### Problem to work on
In the data below, set down exactly the lines from the one containing "acquisition | |||" up to and including the one containing "MGP 4 Caliper". Leave the pictures out.

Start of Source data

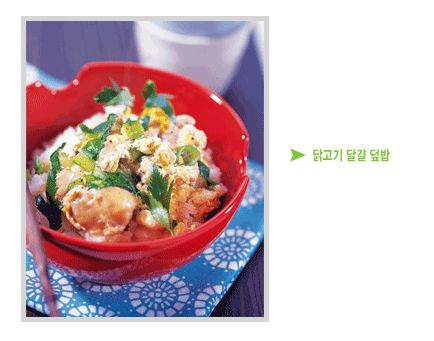 ● 이렇게 만드세요 ● ① 냄비에 준비한 양념장을 붓고 2분 정도 끓이다가 적당히 썬 닭다리 살을 넣는다. ② 닭다리 살이 익으면 달걀을 풀어 냄비에 가만히 붓고 반숙 정도로 익었을 때 준비한 대파와 참나물 잎을 넣고 뚜껑을 덮어 1~2분 정도 약한 불로 끓이다가 불을 끈다. ③ 그릇에 밥을 담고 ②를 먹음직스럽게 올린다.
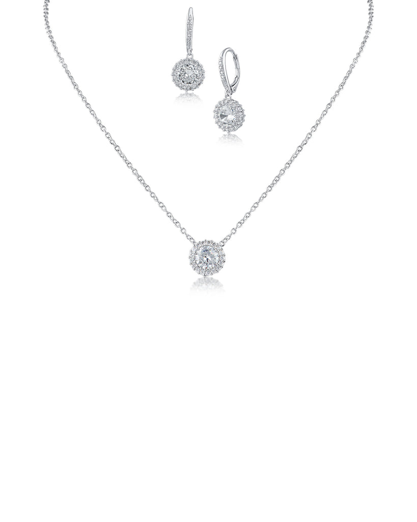 Discover the 8 cttw Round Cubic Zirconia Pendant and Round Halo Earring Set! Glimmering with pave halo trim, set in beautiful rhodium plated brass. This exquisite gift box set is perfect for giving or keeping!
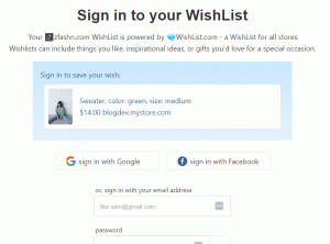 | Easy WishList login with Google, Facebook, and Apple to encourage account creation and increase customer acquisition | |||
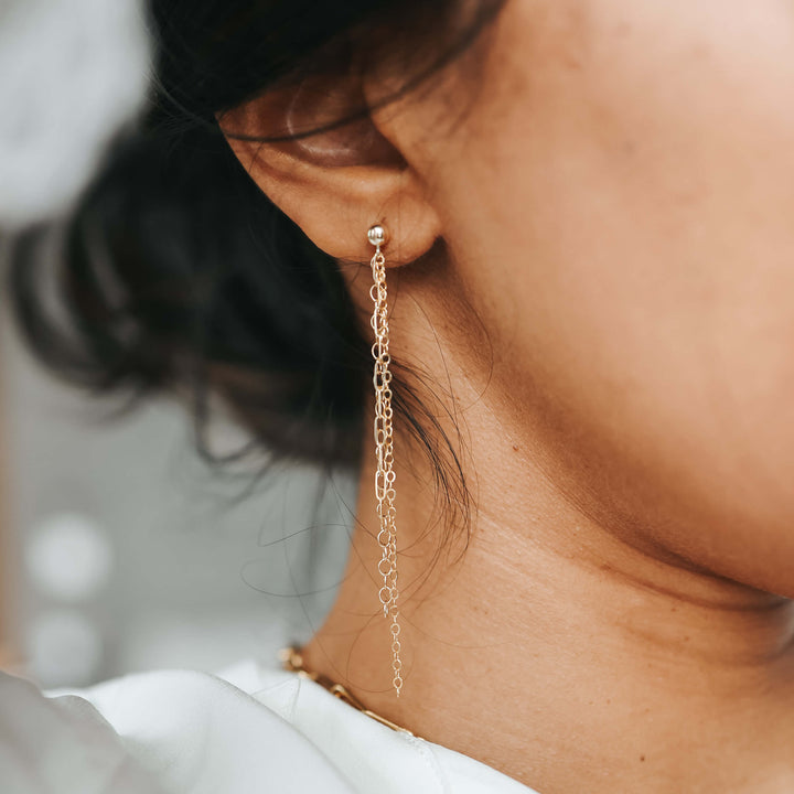 These Salma Gold Chain Drop Earrings by Herself Collections are elegant and dramatic. Sold as a pair, they are composed of three different chains that catch the light. Made from 14K gold-filled material, they are a high-quality, long-lasting alternative to solid gold. They will not tarnish or fade with normal wear for years.
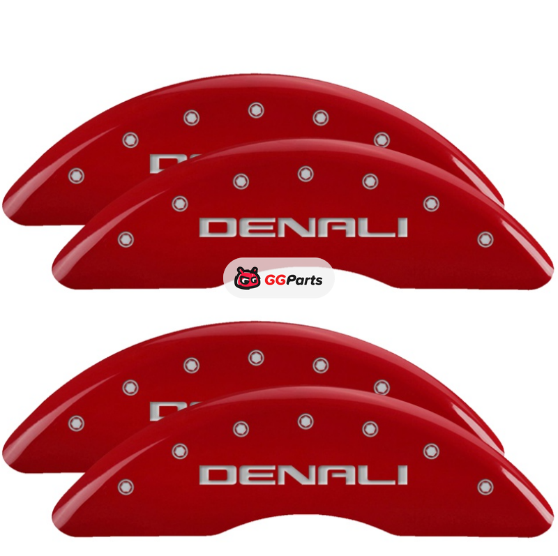 MGP 4 Caliper Covers Engraved Front & Rear Red Finish Silver Characters for 20-22 GMC Sierra 2500HD
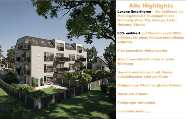Hier fühlen Sie sich wie im 5 Sterne Hotel. Fast das komplette Mobiliar wird standartmässig in jeder Wohnung verbaut. MIt dem Lift gelangen Sie in jede Etage und die Gartenwohnungen sind alle auch direkt durch den Garten zu erreichen. Storen, Licht, Heizung usw. ist alles mit dem Smartphone zu bedienen, dank der Smarthomefunktion von LOXONE.
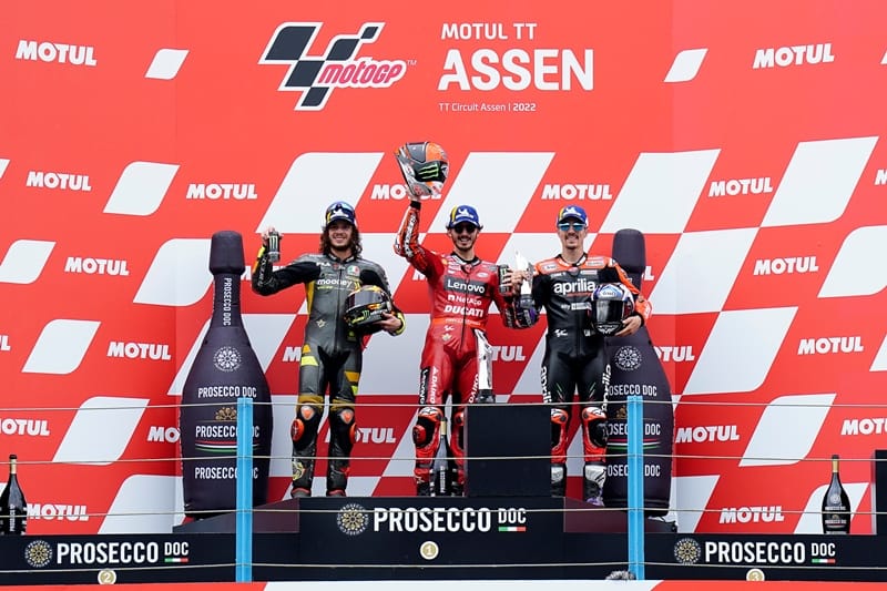 Selain Bagnaia yang mampu memaksimalkan 25 poin untuk mengejar top klasemen, Marco Bezzechi juga tampil apik dengan finish runner up, sekaligus membukukan catatan podium pertama selama karirnya di kelas premium.
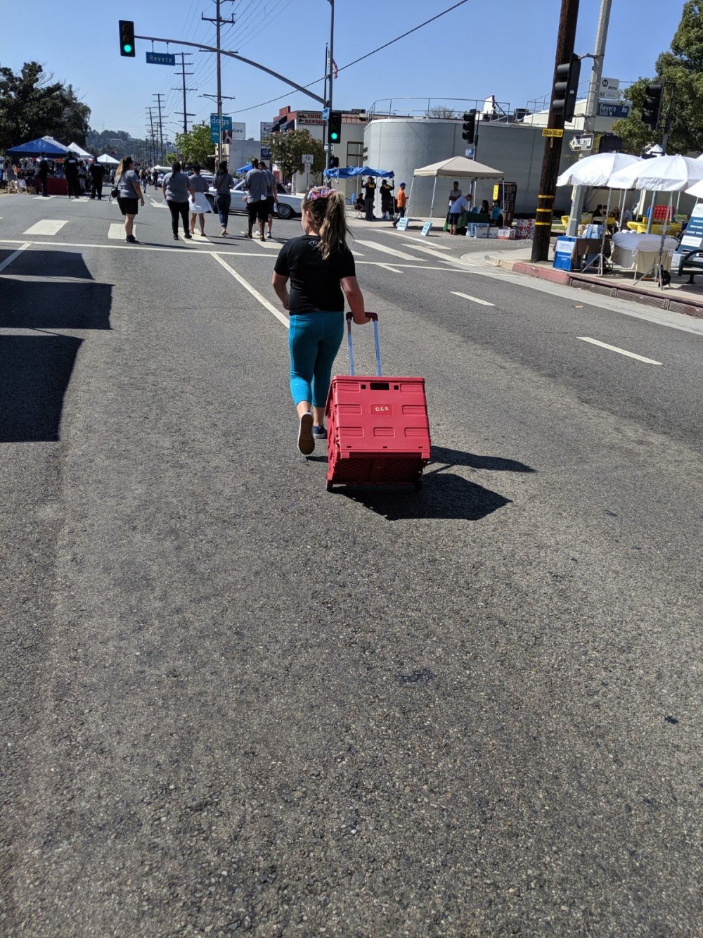 Disneyland is where she is normally allowed to walk in the middle of a street. Glendale Blvd is not Disney (but it is cool).
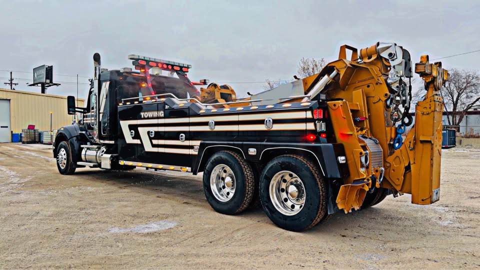 Original owner - Very good condition -custom painted black with gold metallic stripes are paint on it’s not a wrap. Has the Vulcan V70 wrecker unit. New tires all the way around 6 speed auto transmission 575 hp Cummins Splatter painted boxs fully equipped ready to work.
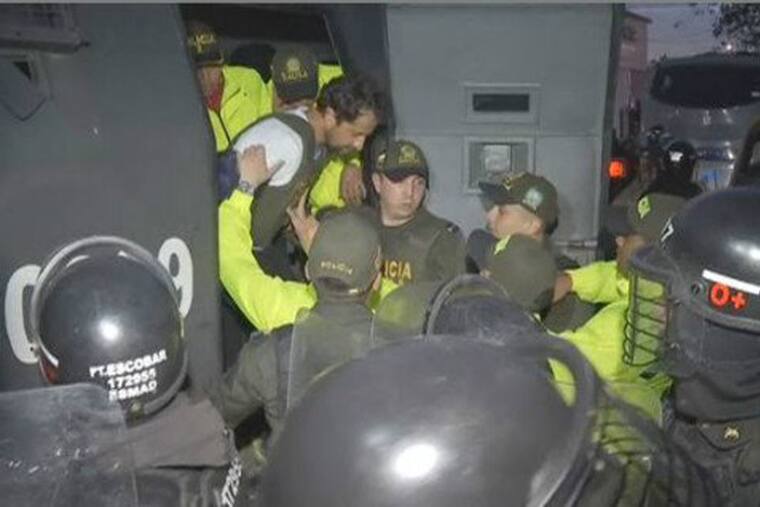 En cuestión de segundos, el arquitecto de 38 años, graduado de la Pontificia Universidad Javeriana, fue embarcado en una tanqueta del Esmad, que inmediatamente partió del lugar con rumbo hacia los juzgados de Paloquemao, donde se llevará a cabo la audiencia de la legalización de la captura.
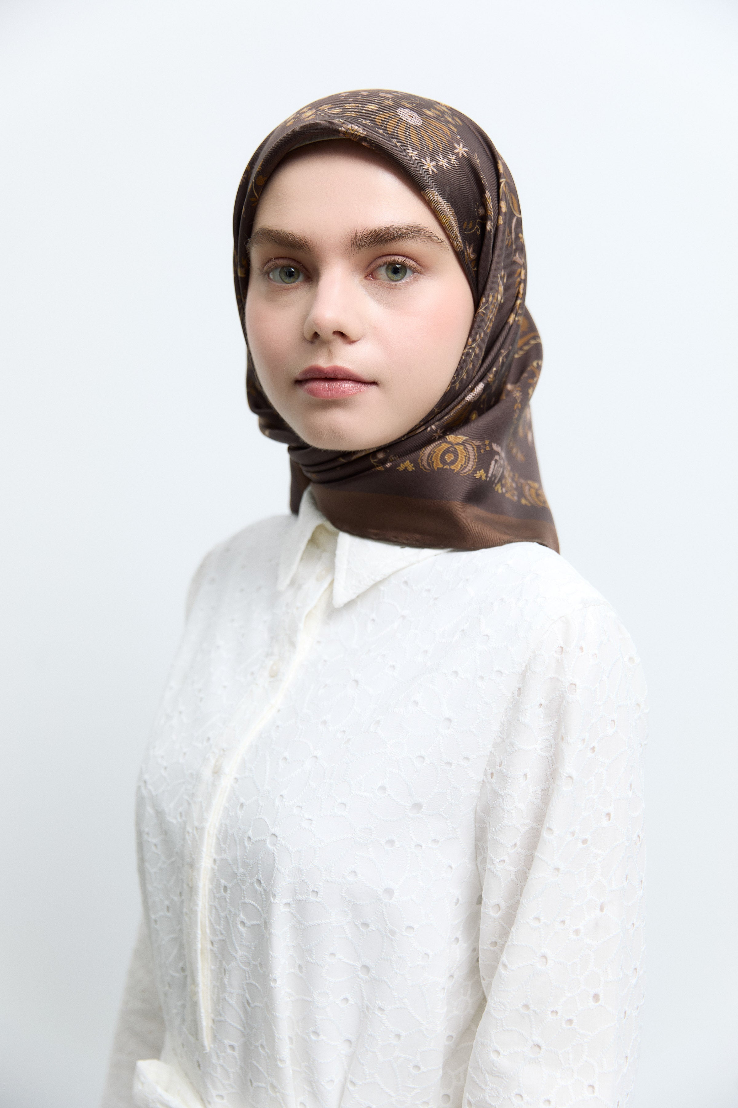 Écharpe en twill de soie Gülşah - Café
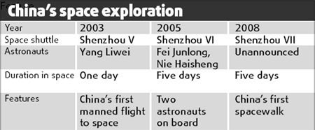 Updated: 2008-09-11 07:31 Bringing forward the launch date of China's third manned spacecraft by one month will maximize conditions for the country's highly anticipated inaugural spacewalk, experts have said. The Shenzhou VII spacecraft was first scheduled for take off from the Jiuquan Satellite Launch Center in Gansu province at the end of October. The spacecraft was later rescheduled for take off between Sept 25 and 30. Compared with the initial launching window in October, the position of the sun during the new period would enable astronauts to walk out of the space module in sunlight and avoid returning in "total darkness", the Beijing Evening News recently quoted an expert as saying.
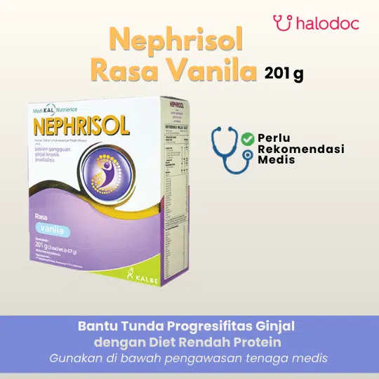 NEPHRISOL adalah pangan olahan untuk keperluan medis khusus yang diformulasikan untuk pasien dengan gangguan ginjal kronis pada tahap predialisis (belum menjalani cuci darah). Nutrisi ini dirancang untuk membantu memenuhi kebutuhan gizi sekaligus mengontrol asupan zat yang perlu dibatasi. Informasi Umum Terkait Kandungan*: *Informasi ini bersifat edukatif dan tidak dimaksudkan sebagai klaim manfaat langsung dari produk. Pada tahap predialisis, ginjal tidak dapat berfungsi optimal untuk menyaring produk sisa metabolisme protein (ureum). Oleh karena itu, pasien memerlukan diet rendah protein untuk mengurangi beban kerja ginjal. Nephrisol dirancang dengan kandungan Protein yang disesuaikan (rendah), namun terdiri dari asam amino esensial dan non-esensial untuk mencegah malnutrisi. Formula ini juga rendah natrium, kalium, dan fosfor untuk membantu mengontrol kondisi uremia dan komplikasi lainnya. Produk ini juga dilengkapi dengan vitamin dan mineral yang disesuaikan dengan kebutuhan khusus pasien ginjal, serta bebas laktosa.

End of Source data

### Response box
 | Easy WishList login with Google, Facebook, and Apple to encourage account creation and increase customer acquisition | |||
 These Salma Gold Chain Drop Earrings by Herself Collections are elegant and dramatic. Sold as a pair, they are composed of three different chains that catch the light. Made from 14K gold-filled material, they are a high-quality, long-lasting alternative to solid gold. They will not tarnish or fade with normal wear for years.
 MGP 4 Caliper Covers Engraved Front & Rear Red Finish Silver Characters for 20-22 GMC Sierra 2500HD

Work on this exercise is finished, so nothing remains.